The pygmy slow loris is traded mainly for its purported medicinal properties, for the pet trade, or, to a lesser extent, as food for local consumption. According to a 2003 report, the animals were sold for 30,000–50,000 Vietnamese đồng (US$1.50–2.50 or €1.10–1.80). Other reports have found them to cost US$2–10. In Cambodia, the species is used in Traditional Khmer Medicine. Surveys conducted at Cambodian markets showed that the species was the third most common mammal for sale, offered at prices ranging from US$0.85–6.25 (€0.65–4.70). In Vietnam, the pygmy slow loris is used for food, medicine, and often as a pet and is among the most frequently sold species. Formerly, hundreds of pygmy lorises were traded monthly in major markets, but recently numbers seem to have decreased, due to shortages in supply. In southern Vietnam, lorises are among the most popular wildlife dishes in wildlife meat restaurants.

Exporting countries reported a total of 111 pygmy slow lorises traded internationally between 1977 and 2004, whereas importing countries reported 131 animals. In Laos, large numbers of native lorises are exported to Vietnam. In Japan, pet shops occasionally offer pygmy slow lorises for US$2,000–3,800 (€1,500–2,800).

There are also parts and derivatives of pygmy lorises in trade, such as the skin and the hair. All parts of the animal are used in traditional Khmer medicine. In Vietnam, medicine such as bone glue of monkey, is mainly produced by local people, but a smaller portion is also destined for restaurants or sold to visitors. The species is especially used for the assumed medicinal value of its hair.

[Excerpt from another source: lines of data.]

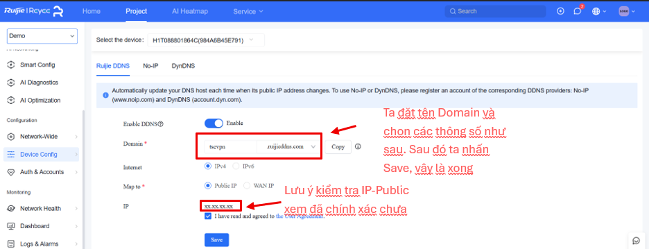 *Lưu ý: Hiện tại dịch Ruijie DDNS chỉ có thể cấu hình trên Rujie Cloud.
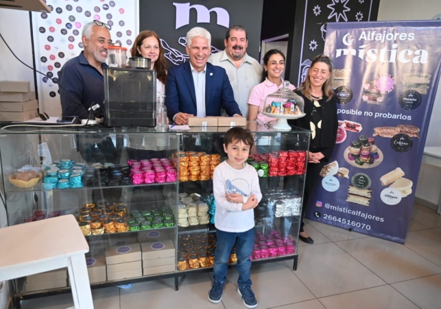 El cierre de las actividades del gobernador Claudio Poggi en Potrero de los Funes tuvo como protagonistas centrales a Valeria Bernasconi y Víctor Ramírez, los socios fundadores de ‘Mística Fábrica de Alfajores’, un emprendimiento de elaboración artesanal que mezcla sabores únicos para vecinos y turistas que transitan por el perilago del dique.
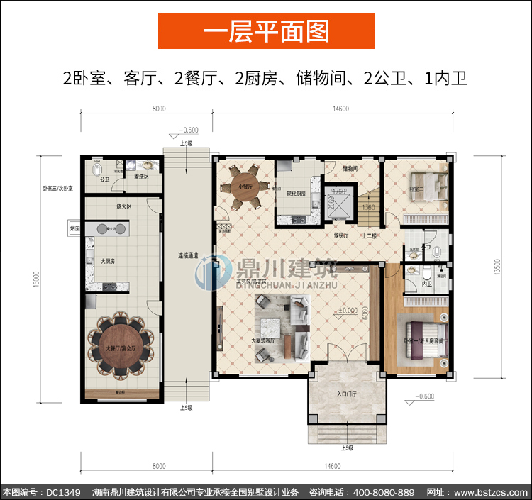 | 一 層: | 2臥室、客廳、2餐廳、2廚房、儲物間、2公衛(wèi)、1內(nèi)衛(wèi) | |||
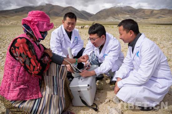 圖為組團(tuán)式醫(yī)療援藏專家在農(nóng)牧區(qū)義診
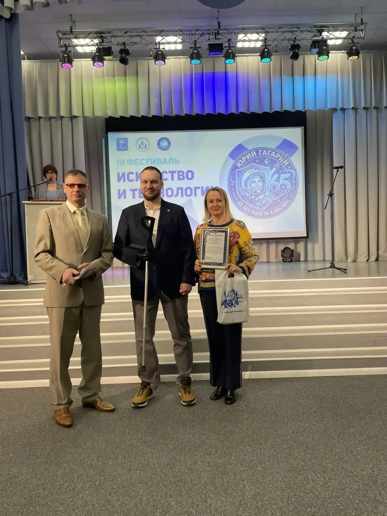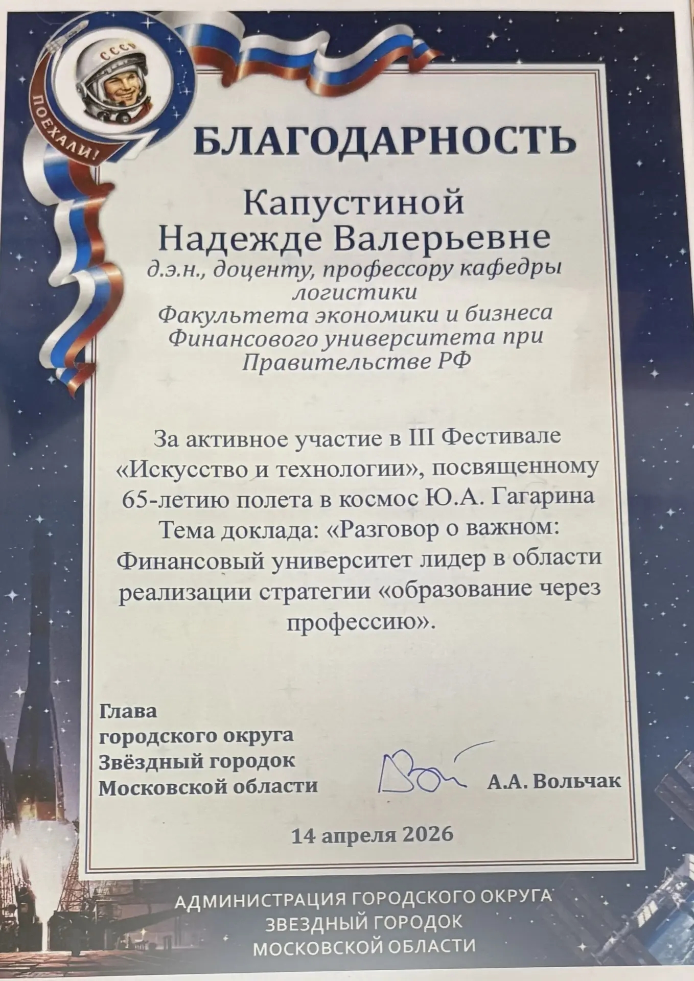 14 апреля 2026 года профессор Кафедры логистики Факультета экономики и бизнеса Капустина Надежда Валерьевна по приглашению АНО ДПО «Институт социально-экономического развития и человеческого капитала имени космонавта Валерия Федоровича Быковского» приняла участие в III Фестивале «Искусство и технологии», который прошёл на базе МБОУ СОШ имени В.М. Комарова в Звёздном городке, посвященное 65-летию полёта Юрия Гагарина.

Traders have reported that they have difficulty keeping pace with demand—one trader claimed to have sold nearly 1,200 pygmy slow lorises during 2001–2002. In Cambodia, the deeply rooted tradition of using the Bengal and pygmy slow loris in traditional medicine is widespread, and the pygmy slow loris is the most commonly requested animal in traditional medicine shops in Cambodia's capital, Phnom Penh.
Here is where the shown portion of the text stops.